People

Sarah Carter

Sarah Carter, History and Classics
Henry Marshall Tory Teaching Chair

Following a teaching career as professor in the Department of History at the University of Calgary, at the University of Winnipeg, and at the University of Manitoba, Dr Sarah Carter, a professor working in the department of History and Classics at the University of Alberta, was named a Henry Marshall Tory Chair. Tory Chairs are expected, through their teaching, research, and service, to impact the University and the community. The appointments are intended for outstanding individuals who by their presence will enhance the reputation of the University and who can provide leadership and experience.

Dr Carter, whose research focuses on the history of Western Canada and the critical era that began in the late 19th century when Aboriginal people were dispossessed and a new population established, has explored many aspects of this history including the place of Aboriginal people in the new agricultural economy (Lost Harvests: Prairie Indian Reserve Farmers and Government Policy) and the creation of race and gender categories and hierarchies in the key decade of the 1880s (Capturing Women: The Manipulation of Cultural Imagery in Canada's Prairie West).

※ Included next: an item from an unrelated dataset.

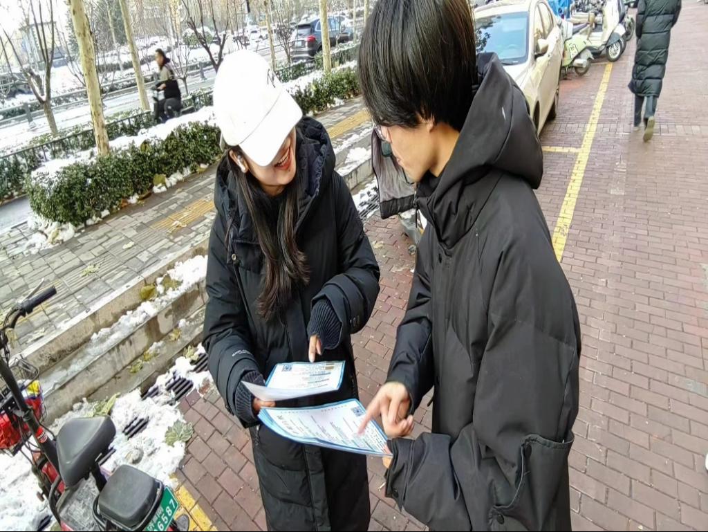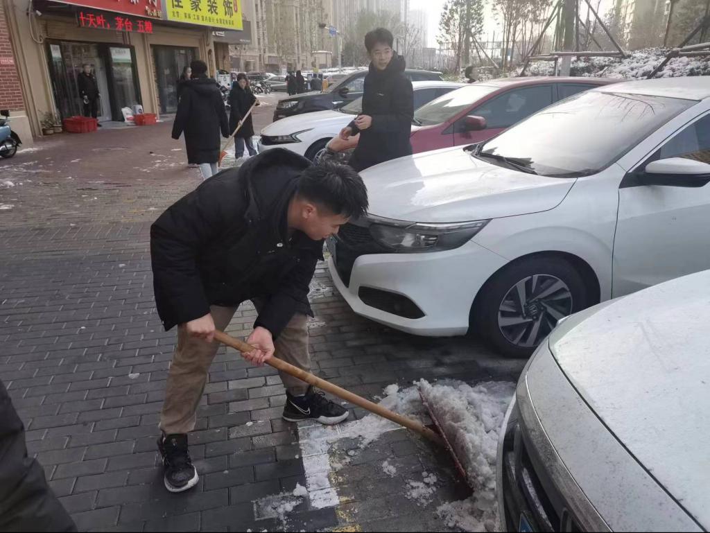 在观看红色文化影像结束后,老师将大学生志愿者们分为两组,并且两组分别负责不同的志愿服务项目。一组负责除冰扫雪清理道路保护社区环境,而另一组负责发放反诈骗宣传单并且要向社区居民宣传反诈骗相关知识,响应国家号召,为社会做出力所能及的事情。

In addition, Carter's work also stresses the interconnected lives of Aboriginal people and the early non-Aboriginal settlers. She has recently completed a book that examines the efforts of government, legal, and religious authorities to impose a monogamous, Christian model of marriage on the diverse population of Western Canada including Mormons and Aboriginal people. Her book entitled The Importance of Being Monogamous: Forging the Marital Terrain of Western Canada has been submitted to press.

Dr Carter is presently working on a borderlands and comparative Canada-US history of women of the northern Great Plains with particular focus on land distribution policies and the meanings, opportunities and constraints of the 49th Parallel.

Dr Carter has received three fellowships from the Social Sciences and Humanities Research Council, an arm's-length federal agency that promotes and supports university-based research and training in the social sciences and humanities, as well as the Myers Center Award for the Study of Human Rights in North America for her work on the publication, The True Spirit and Original Intent of Treaty 7. In addition, Dr Carter has received two Killam Fellowships from the University of Alberta and was director of the International Indigenous Studies Program at the University of Calgary.

Carter, who enjoys gardening, cooking, and Coronation Street, lives in Edmonton with her husband Walter Hildebrandt and their lovable border terrier, Lucy.